The details pertaining to composition of the Audit Committee and terms of reference are included in the Corporate Governance Report, which forms part of this Report.

18. RELATED PARTY TRANSACTION

All contracts/arrangement/transactions entered by the Company during the financial year with related parties were on an arms length basis and were in the ordinary course of business and were placed before the audit committee for their approval, wherever applicable.

Your Company had not entered into any transactions with related parties which could be considered material in terms of Section 188 of the Companies Act, 2013. Accordingly, the disclosure of related party transactions as required under Section 134(3) (h) of the Companies Act, 2013 in Form AOC-2 is as attached in Annexure-B, forming part of this report.

19. REPORTING OF FRAUDS

There was no instance of fraud during the year under review, which required the Statutory Auditors to report to the Audit Committee and /or Board under Section 143(12) of the Act and Rules framed thereunder.

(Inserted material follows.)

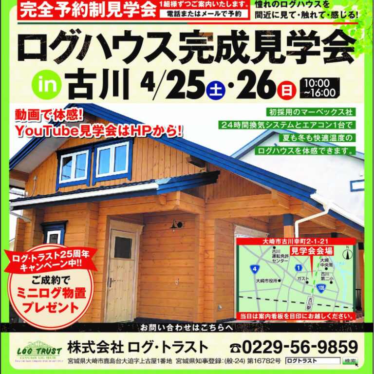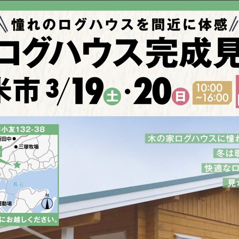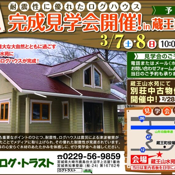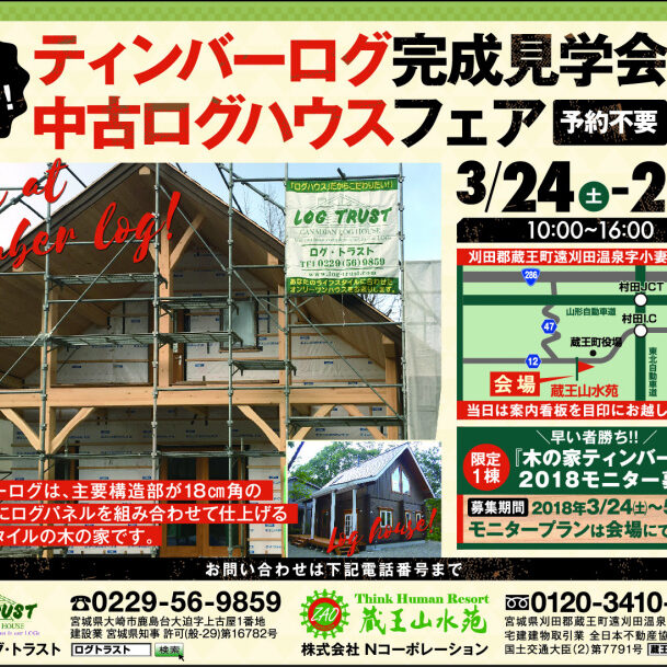 3月24日(土曜)・25日(日曜)の2日間 蔵王町「山水苑 せせらぎの里」にて ティンバーログ完成見学会を開催いたします。 昨年の「ティンバーログモニターキャンペーン」でご応募頂きました物件が完成 現物をご覧頂きながら …

20. PARTICULARS OF EMPLOYEES

The information required pursuant to Section 197(12) read with Rule 5(2) & (3) of the Companies (Appointment and Remuneration of Managerial Personnel) Rules, 2014 in respect of employees of the Company, will be provided upon request is given as annexed in Annexure-C forming part of this report.

21. DIRECTORS RESPONSIBILITY STATEMENT

Based on the framework of internal financial controls and compliance systems established and maintained by the Company, work performed by the internal, statutory, and secretarial auditors including audit of internal financial controls over financial reporting by the Statutory Auditors and the reviews performed by Management and the relevant Board Committees, including the Audit Committee, the Board is of the opinion that the Companys internal financial controls were adequate and effective during the financial year 2022-23.

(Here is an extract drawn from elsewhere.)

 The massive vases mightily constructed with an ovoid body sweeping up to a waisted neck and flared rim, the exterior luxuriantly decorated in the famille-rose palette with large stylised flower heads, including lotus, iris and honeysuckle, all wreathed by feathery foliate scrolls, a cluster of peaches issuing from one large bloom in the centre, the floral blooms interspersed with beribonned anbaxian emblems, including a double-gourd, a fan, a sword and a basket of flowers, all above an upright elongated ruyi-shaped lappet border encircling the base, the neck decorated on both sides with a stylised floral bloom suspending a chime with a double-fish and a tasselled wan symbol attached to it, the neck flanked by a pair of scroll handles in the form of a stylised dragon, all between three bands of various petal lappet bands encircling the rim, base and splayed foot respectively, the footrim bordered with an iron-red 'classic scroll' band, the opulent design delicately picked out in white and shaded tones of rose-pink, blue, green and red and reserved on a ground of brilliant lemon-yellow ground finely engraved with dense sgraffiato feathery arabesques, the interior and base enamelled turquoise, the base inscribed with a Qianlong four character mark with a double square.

Pursuant to the requirements under Section 134(5) of the Companies Act, 2013, with respect to the Directors Responsibilities Statement, it is hereby confirmed that;

1. in the preparation of the annual financial statements for the year ended March 31,2022, the applicable Accounting Standards have been followed along with proper explanation relating to material departures if applicable;

2. for the financial year ended March 31, 2023, such accounting policies as mentioned in the Notes to the financial statements have been applied consistently and judgments and estimates that are reasonable and prudent have been made so as to give a true and fair view of the state of affairs of the Company and of the Profit and Loss of the Company for the year ended March 31,2023;

3. proper and sufficient care has been taken for the maintenance of adequate accounting records in accordance with the provisions of the Companies Act, 2013 for safeguarding the assets of the Company and for preventing and detecting fraud and other irregularities;

4. the annual financial statements have been prepared on a going concern basis;

5. proper internal financial controls are in place and such internal financial controls are adequate and were operating effectively; and

6. Proper systems have been devised to ensure compliance with the provisions of all applicable laws and are adequate and operating effectively.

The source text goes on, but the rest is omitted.